Jessica Chastain's Mrs. O'Brien is much more of an enigma; she is both Pocahontas and The Naturals from The New World; she is Gaia, Earth Mother. Through the lens of the 21st century, she often appears to suffer at the hands of her dominating husband, but she also seems to be the more successful one in drinking in life for the suffering. The dynamic of the family in The Tree of Life is remarkably similar to the structure of Malick's previous film. Pitt is the aggressive (and slightly clueless) settlers (as in Christopher Plummer and David Thewlis.) Jack is Captain Smith, caught in the middle, absorbing elements of both, alone nonetheless. If I belabor the comparison it is because the relative isolation of the O'Brien clan (seemingly absent of extended family or friends in the film) underscores something in all of Malick's films. That he eschews the social aspects of humanity to tell his stories. We are alone, maybe with a companion for a while, but it is fraught with miscommunication and dysfunction. Consider Martin Sheen and Sissy Spacek in Badlands, or Richard Gere and Brooke Adams in Days of Heaven. While there is the platoon in The Thin Red Line, ultimately with Malick's signature voice-over narrations, you realize that these men are alone with their thoughts while engaged in war.

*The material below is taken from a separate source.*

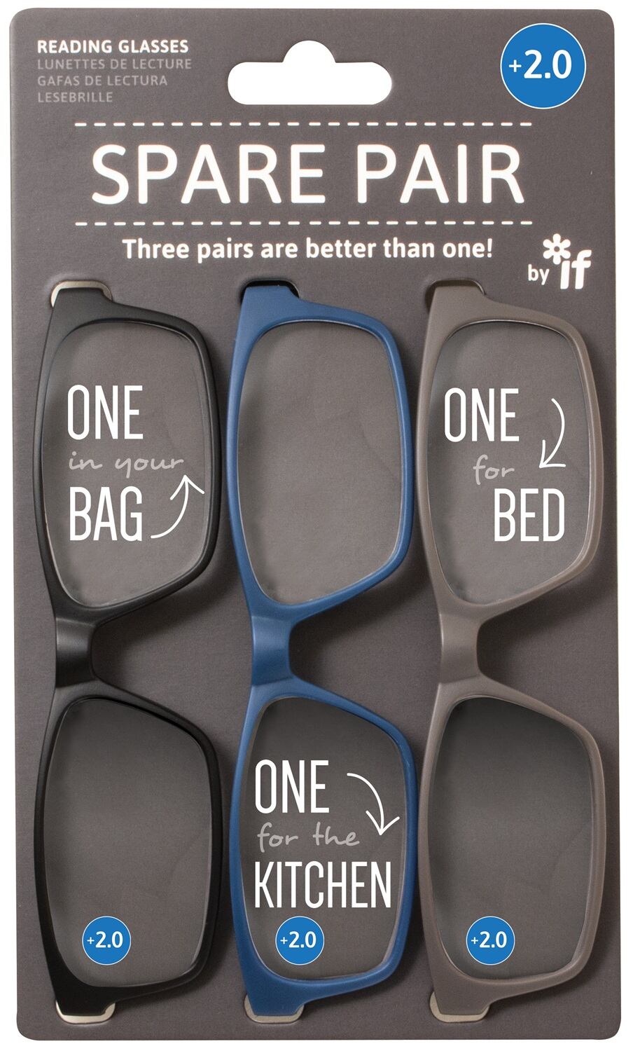 - This really does exactly what it says on the tin… a set of three pairs of reading glasses (all the same strength) to keep in three of the places where you might need glasses… in the kitchen, garage, handbag, the office, in the car, the bedroom… or somewhere slightly more obscure. If you need reading glasses, or know someone who can’t live without them, you’ll need Spare Pair!

The director's willful removal of the mundane for the poetic, achieves profundity from the nostalgic. Nobody talks about the weather, or attends to back-yard BBQ chit-chat in a Malick film, human interaction plays more like memory than the present mundane, perhaps a reason why nearly all of his films are set in the past. Shots of nature, the universe, and yes, CGI dinosaurs, along with the struggles of the O'Briens are a connected series of simple, yet awesome (in the proper definition of the word) images. There is a sense of the tactile merely by watching Chastain wash her feet, or Pitt extract weeds from his lawn, this is a powerful enough effect (even a to generate a physical response to the screen from merely 'the image') that makes recent 3D technology in cinema seem vulgar and crass. That there is little technology used in the film underscores a certain blindness to life which afflicts us from the modern veneer of gadgetry and doodads (perhaps this is ironic considering all the tech likely used to realize the film.) The Tree of Life is both deeply spiritual, and yet free from religious doctrine. I'd go so far as to say that of all the filmmakers (even Bergman, Hitchcock and Kubrick) Terrence Malick's filmography is its own religion. One of the signature images of the film (and there are of course many worth noting) is a beach scene where all the characters (regardless of relative age) converge in a tumble, the memories and collections of encounters that form a lifetime. This scene itself is worthy of a multi-hour discussion on a back porch with a few friends, a bottle of scotch and fireflies twinkling in the yard. With multiple viewings of The Tree of Life being an inevitability for this cinema-goer, I look forward to it.
We may be an insignificant dust-mote on the grand scale of the universe, but God help us, our nanosecond in time matters to us a great deal. It is a wondrous act of hubris that we are our own universe of endless possibilities. A single death even amongst the billions of people on earth is simultaneously insignificant, and impossible to recover from emotionally. The Tree of Life tells us something we already know but in a radically new cinematic way: The singular and the infinite can be the same thing. And it does so with grace.